The biggest challenge with trying to take a unified approach to these tools “is data sharing and interoperability,” said Andrew Roberts, director of data science at Cerner Intelligence who leads the team that is collaborating with Winkelstein. “I don’t think the industry is quite there yet.”
Further south in the heart of New York City, Glicksberg is leading efforts to publish research on Mount Sinai’s prediction model. In November, he and his colleagues published positive but preliminary results in the Journal of Medical Internet Research. That study suggested its tool could pinpoint at-risk patients and identify characteristics linked to that risk, such as age and high blood sugar. Unlike many of the other existing tools, the Mount Sinai algorithm was trained on a diverse pool of patient data drawn from hospitals including those in Brooklyn, Queens, and Manhattan’s Upper East Side.
The idea was to ensure the model works “outside of this little itty bitty hospital you have,” he said.
So far, two Covid-19 prediction models have received clearance from the Food and Drug Administration for use during the pandemic. But some of the models currently being used in clinics haven’t been cleared and don’t need to be greenlit, because they are not technically considered human research and they still require a health care worker to interpret the results.
“I think there’s a dirty little secret which is if you’re using a local model for decision support, you don’t have to go through any regulatory clearance or peer-reviewed research at all,” said Andrew Beam, assistant professor of epidemiology at the Harvard T.H. Chan School of Public Health.
Some of the tools, however, may fall under FDA’s purview. If they are, for example, intended to allow health care workers to see how they reached their conclusions — that is, if they are not “black box” tools — they could meet the FDA’s requirements for regulation as devices.

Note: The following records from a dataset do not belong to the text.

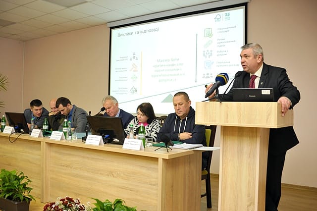 Завідувач кафедри відтворення лісів та лісових меліорацій Віктор Маурер презентував продукцію розсадників Державного агентства лісових ресурсів – лісовий і садивний матеріал. Бо лісівникам найперше потрібно налагодити виробництво якісного садивного матеріалу, що забезпечить високу приживлюваність лісових культур і стійкість майбутніх насаджень. А машини та механізми для лісового господарства представив професор кафедри лісівництва Володимир Гриб .
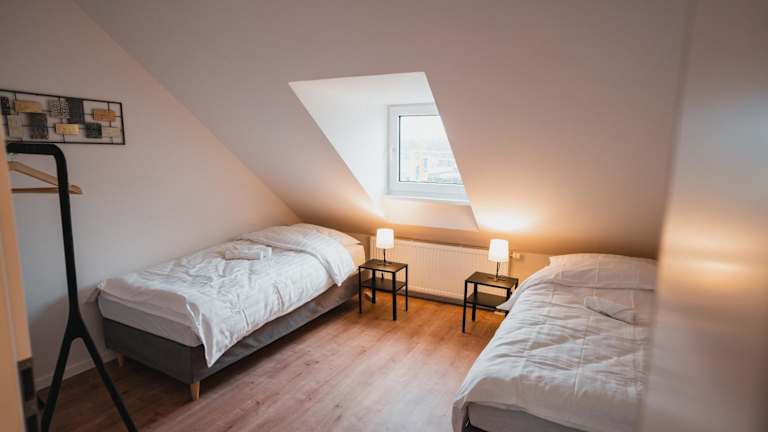 Das Working Apartment bietet Platz für bis zu 8 Gäste in 5 Schlafzimmern. Die Unterkunft bietet eine Gemeinschaftslounge, gratis Wifi und einen kostenlosen Privatparkplatz. Die Reinigung erfolgt durch professionelle Reinigungsfirmen und es wird eine Strengheit bei der Einhaltung der Hygienevorgaben beachtet.
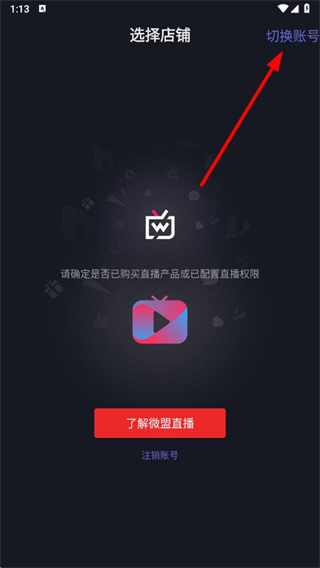 1、在選擇店鋪界面,點擊右上角切換賬號選項。

“Depending on the type of information provided to the health care provider and the type of information analyzed, decision support tools that are intended as Covid-19 deterioration models likely … meet the device definition and are subject to FDA regulatory oversight,” a spokesperson from the agency told STAT in an email.

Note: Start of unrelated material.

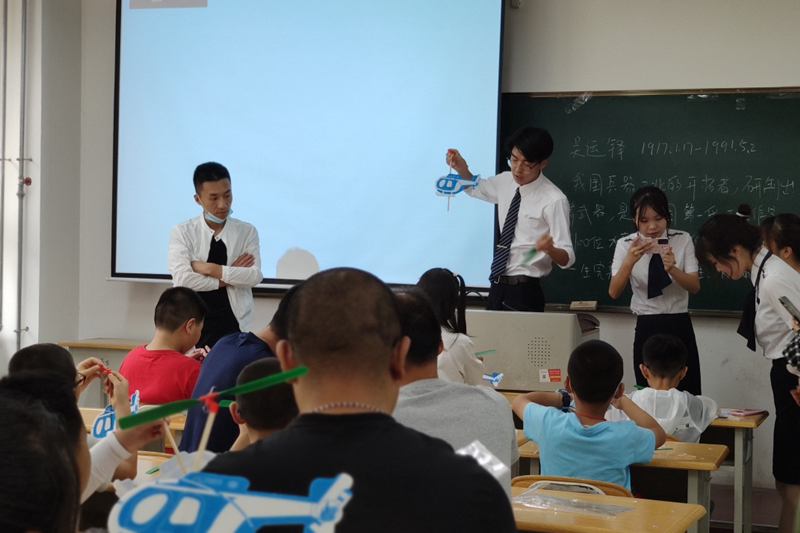 最后,展馆志愿者给小朋友们示范讲解了飞机模型的制作流程,最后带领大家在励剑广场进行了试飞。

Some of the institutions developing models that appear to meet the definition of regulatory oversight, though, have not submitted an application for FDA clearance. All of the models that have landed FDA clearance thus far have been developed not by academic institutions, but by startups. And like with academic medical centers, these companies have taken divergent approaches to publishing research on their products.
In September, Bay Area-based clinical AI system developer Dascena published results from a study testing its model on a small sample of 197 patients across five health systems. The study suggested the tool could accurately pinpoint 16% more at-risk patients than a widely used scoring system. The following month, Dascena received conditional, pandemic-era approval from the FDA for the tool.
In June, another startup — predictive analytics company CLEW Medical, based in Israel — received the same FDA clearance for a Covid-19 deterioration tool it said it had trained on retrospective data from 76,000 ICU patients over 10 years. None of the patients had Covid-19, however, so the company is currently testing it on 500 patients with the virus at two U.S. health systems.
Beam, the Harvard researcher, said he was especially skeptical about these models, since they tend to have far more limited access to patient data compared with academic medical centers.
“I think, as a patient, if you were just dropping me into any health system that was using one of these tools, I’d be nervous,” Beam said.
This story has been updated with comment from the FDA.
This is part of a yearlong series of articles exploring the use of artificial intelligence in health care that is partly funded by a grant from the Commonwealth Fund.